## Task item
Starting with the first line below, extract each line through the one that contains "Zhao Yingmin, a", inclusive, excluding pictures.

## Given data
--- START ---
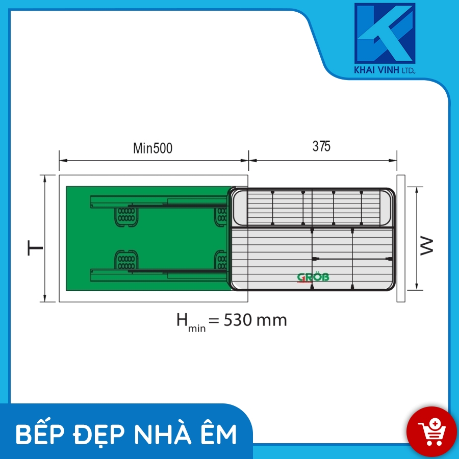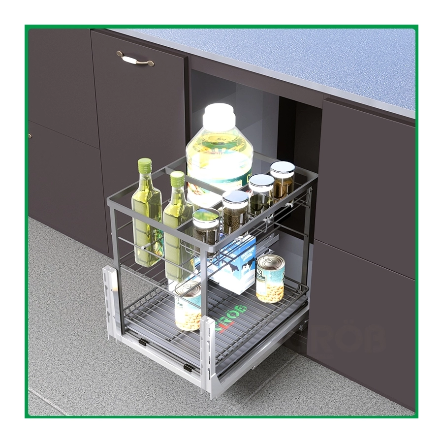 Kệ đựng gia vị hợp kim sơn nano có hệ thống ray giảm chấn chuyển động nhẹ nhàng, êm ái, giảm tiếng ồn trong không gian bếp một cách hiệu quả.
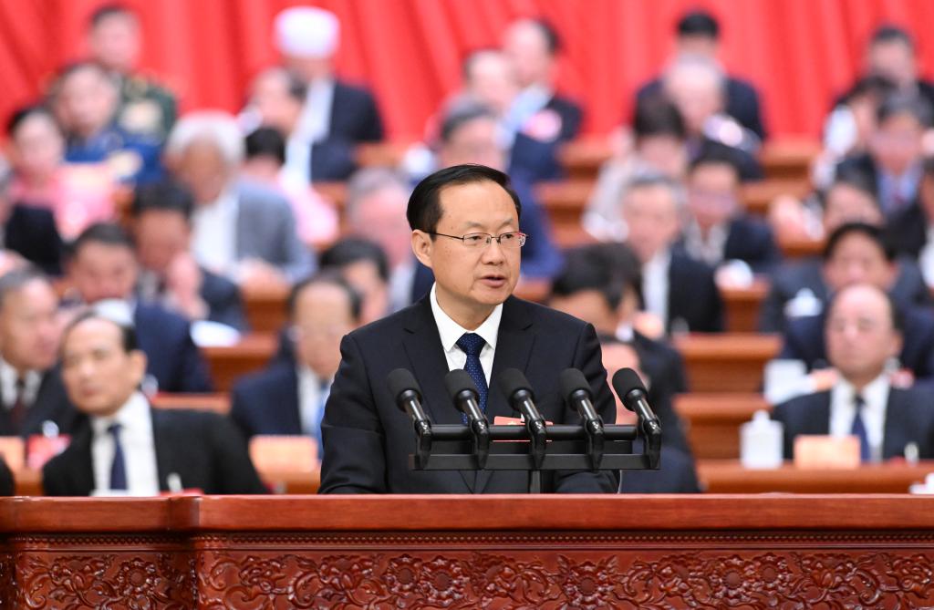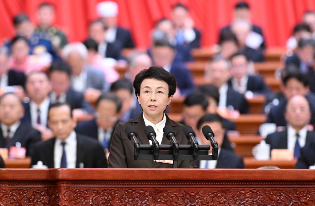 Zhao Yingmin, a member of the 14th National Committee of the Chinese People's Political Consultative Conference (CPPCC), speaks at the third plenary meeting of the third session of the 14th CPPCC National Committee at the Great Hall of the People in Beijing, capital of China, March 9, 2025. (Xinhua/Liu Weibing)
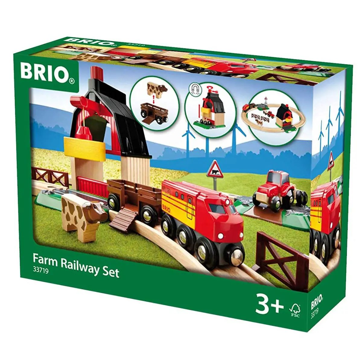 Scopri la vita di campagna con il set Brio World Ferrovia della Fattoria 33719, un fantastico kit ferroviario ispirato al mondo rurale. Include una locomotiva con vagone, un trattore, una mucca, un carico di fieno e un fienile con gru magnetica funzionante per trasportare il fieno nel granaio.
--- END ---
## Your solution
 Kệ đựng gia vị hợp kim sơn nano có hệ thống ray giảm chấn chuyển động nhẹ nhàng, êm ái, giảm tiếng ồn trong không gian bếp một cách hiệu quả.
 Zhao Yingmin, a member of the 14th National Committee of the Chinese People's Political Consultative Conference (CPPCC), speaks at the third plenary meeting of the third session of the 14th CPPCC National Committee at the Great Hall of the People in Beijing, capital of China, March 9, 2025. (Xinhua/Liu Weibing)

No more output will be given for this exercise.